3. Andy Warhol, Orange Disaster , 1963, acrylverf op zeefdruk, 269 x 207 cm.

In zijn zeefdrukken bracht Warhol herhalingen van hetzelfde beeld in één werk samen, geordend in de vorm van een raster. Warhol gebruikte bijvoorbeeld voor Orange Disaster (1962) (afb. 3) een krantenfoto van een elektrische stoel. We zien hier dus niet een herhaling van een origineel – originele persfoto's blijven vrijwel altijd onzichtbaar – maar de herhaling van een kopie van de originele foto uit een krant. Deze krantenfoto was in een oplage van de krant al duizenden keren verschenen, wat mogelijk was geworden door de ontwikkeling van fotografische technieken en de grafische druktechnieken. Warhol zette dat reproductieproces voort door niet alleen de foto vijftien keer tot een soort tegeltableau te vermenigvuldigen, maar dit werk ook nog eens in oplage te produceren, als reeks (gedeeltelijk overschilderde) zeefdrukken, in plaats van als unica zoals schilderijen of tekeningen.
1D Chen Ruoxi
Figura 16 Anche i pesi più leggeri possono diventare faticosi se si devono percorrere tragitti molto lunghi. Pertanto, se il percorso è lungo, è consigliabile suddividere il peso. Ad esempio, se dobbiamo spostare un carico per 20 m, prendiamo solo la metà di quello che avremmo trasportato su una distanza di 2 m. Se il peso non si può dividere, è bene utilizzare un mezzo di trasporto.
§
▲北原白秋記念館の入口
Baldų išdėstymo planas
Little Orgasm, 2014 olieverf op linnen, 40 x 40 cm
§
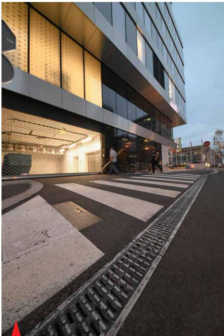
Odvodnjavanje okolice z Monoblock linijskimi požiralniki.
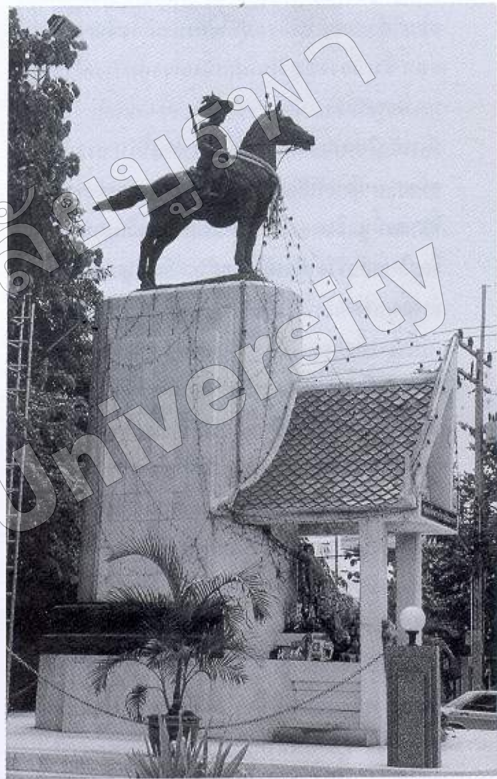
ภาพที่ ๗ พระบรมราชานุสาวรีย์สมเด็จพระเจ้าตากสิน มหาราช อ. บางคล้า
§
__EXERCISE GOAL__:
Scan the data above for the word "Orange". Copy every line in which it is found.

__ANSWER TO THIS TASK__:
3. Andy Warhol, Orange Disaster , 1963, acrylverf op zeefdruk, 269 x 207 cm.
In zijn zeefdrukken bracht Warhol herhalingen van hetzelfde beeld in één werk samen, geordend in de vorm van een raster. Warhol gebruikte bijvoorbeeld voor Orange Disaster (1962) (afb. 3) een krantenfoto van een elektrische stoel. We zien hier dus niet een herhaling van een origineel – originele persfoto's blijven vrijwel altijd onzichtbaar – maar de herhaling van een kopie van de originele foto uit een krant. Deze krantenfoto was in een oplage van de krant al duizenden keren verschenen, wat mogelijk was geworden door de ontwikkeling van fotografische technieken en de grafische druktechnieken. Warhol zette dat reproductieproces voort door niet alleen de foto vijftien keer tot een soort tegeltableau te vermenigvuldigen, maar dit werk ook nog eens in oplage te produceren, als reeks (gedeeltelijk overschilderde) zeefdrukken, in plaats van als unica zoals schilderijen of tekeningen.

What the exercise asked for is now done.